AFM- I've been keeping busy with school, work, and two new puppies  They are so adorable and lovable! It's been fun but they are hard work. They are going to be big dogs but we don't mind. Other than that nothing going on here. No ttc. It's nice but sometimes I wish we were still trying. We are not even trying naturally right now which is ok with me. Too much going on anyways. 

Well I hope you all are well and I do think of you ladies often  I will check in again soon!


----------



## Vikki19

Hi everyone ! I've been reading all your posts over the last few days. I'm so sorry to hear of all the losses, excited for those who have finally conceived, and hoping that those who have been trying for quite some time have success soon ! 

I am 25, married in July, have been with hubby for 9 years. I have PCOS. I stopped bc last January and only got my period once after that in June. Was put on metformin iin April, made me too sick so i had to stop. I have been to an endocrinologist who did a whole battery of blood work and sent me to a gyn. GYN stated me on provera and 50mg Clomid, no ovulation. Then provera and 100 mg Clomid, ovulated but no pregnancy, met with a fertility specialist about a week ago who said he wanted to try 2more rounds Clomid at 100mg. If that doesn't work, then he wants to check my tubes. Hubby had sperm analysis, no results yet. Street checking my tubes we will do fsh shots, if that doesn't work our last resort will be IVF. 

I haven't been dealing with the process well at all... I've been really depressed since my first round of Clomid didn't work. I'm here to get some support and also hopefully provide some support :)

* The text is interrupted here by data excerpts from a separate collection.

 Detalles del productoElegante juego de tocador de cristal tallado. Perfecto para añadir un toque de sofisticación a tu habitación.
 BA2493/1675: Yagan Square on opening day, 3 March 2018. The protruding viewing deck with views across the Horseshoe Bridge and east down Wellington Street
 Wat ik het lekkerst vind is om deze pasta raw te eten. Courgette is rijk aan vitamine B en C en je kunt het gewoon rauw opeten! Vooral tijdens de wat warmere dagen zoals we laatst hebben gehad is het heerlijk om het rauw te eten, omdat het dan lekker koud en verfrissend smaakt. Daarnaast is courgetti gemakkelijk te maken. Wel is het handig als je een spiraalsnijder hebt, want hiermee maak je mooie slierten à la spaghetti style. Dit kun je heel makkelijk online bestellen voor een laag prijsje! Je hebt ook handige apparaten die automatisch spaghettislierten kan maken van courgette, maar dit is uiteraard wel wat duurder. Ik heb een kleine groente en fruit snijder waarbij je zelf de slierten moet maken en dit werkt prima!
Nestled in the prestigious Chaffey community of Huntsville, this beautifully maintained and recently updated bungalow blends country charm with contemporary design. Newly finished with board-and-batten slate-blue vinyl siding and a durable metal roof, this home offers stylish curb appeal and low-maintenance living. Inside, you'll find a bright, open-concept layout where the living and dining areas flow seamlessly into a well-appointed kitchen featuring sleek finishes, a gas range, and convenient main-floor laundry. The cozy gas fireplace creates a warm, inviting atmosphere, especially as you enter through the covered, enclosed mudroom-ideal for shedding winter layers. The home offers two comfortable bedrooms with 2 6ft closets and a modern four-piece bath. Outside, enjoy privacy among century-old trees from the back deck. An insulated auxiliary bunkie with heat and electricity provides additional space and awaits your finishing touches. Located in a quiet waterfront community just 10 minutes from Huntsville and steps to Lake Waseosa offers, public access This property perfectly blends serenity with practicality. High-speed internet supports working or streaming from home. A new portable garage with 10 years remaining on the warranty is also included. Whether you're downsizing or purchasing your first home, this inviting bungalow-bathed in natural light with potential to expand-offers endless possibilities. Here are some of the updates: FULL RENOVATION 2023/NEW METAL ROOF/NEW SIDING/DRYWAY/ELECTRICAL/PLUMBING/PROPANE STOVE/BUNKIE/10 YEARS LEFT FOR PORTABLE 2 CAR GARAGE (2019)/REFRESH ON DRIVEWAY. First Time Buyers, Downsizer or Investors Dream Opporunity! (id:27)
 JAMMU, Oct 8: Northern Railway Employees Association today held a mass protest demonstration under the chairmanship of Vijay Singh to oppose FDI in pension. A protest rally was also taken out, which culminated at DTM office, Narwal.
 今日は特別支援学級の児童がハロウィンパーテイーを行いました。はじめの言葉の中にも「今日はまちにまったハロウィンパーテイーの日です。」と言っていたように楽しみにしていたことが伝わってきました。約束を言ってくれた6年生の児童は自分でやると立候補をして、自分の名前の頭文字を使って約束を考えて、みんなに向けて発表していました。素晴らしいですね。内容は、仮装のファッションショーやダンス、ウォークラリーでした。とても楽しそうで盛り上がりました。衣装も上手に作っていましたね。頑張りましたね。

I am currently on day 2 of provera to bring on AF !


----------



## Dannixo

Noele0002 said:


> Star- yay! I'm so excited for you to actually be starting the process  I would have lost my patients long ago. I can't wait to hear good news from you!! Sending you tons of babydust.
> 
> Dannixo- I'm so sorry to hear that but I agree with Cntrygrl. You can look for trials. Or save money for it. I know after this year of school for me and hopefully buying a house within the year then I will be saving for IVF too. what are the ages of your foster children?
> 
> Cntrygrl- How is baby Parker doing? I bet he is so much fun and getting so big! I think it is awesome that you will be ttc this year. Hopefully your bfp comes sooner than later this time around.
> 
> AFM- I've been keeping busy with school, work, and two new puppies  They are so adorable and lovable! It's been fun but they are hard work. They are going to be big dogs but we don't mind. Other than that nothing going on here. No ttc. It's nice but sometimes I wish we were still trying. We are not even trying naturally right now which is ok with me. Too much going on anyways.
> 
> Well I hope you all are well and I do think of you ladies often  I will check in again soon!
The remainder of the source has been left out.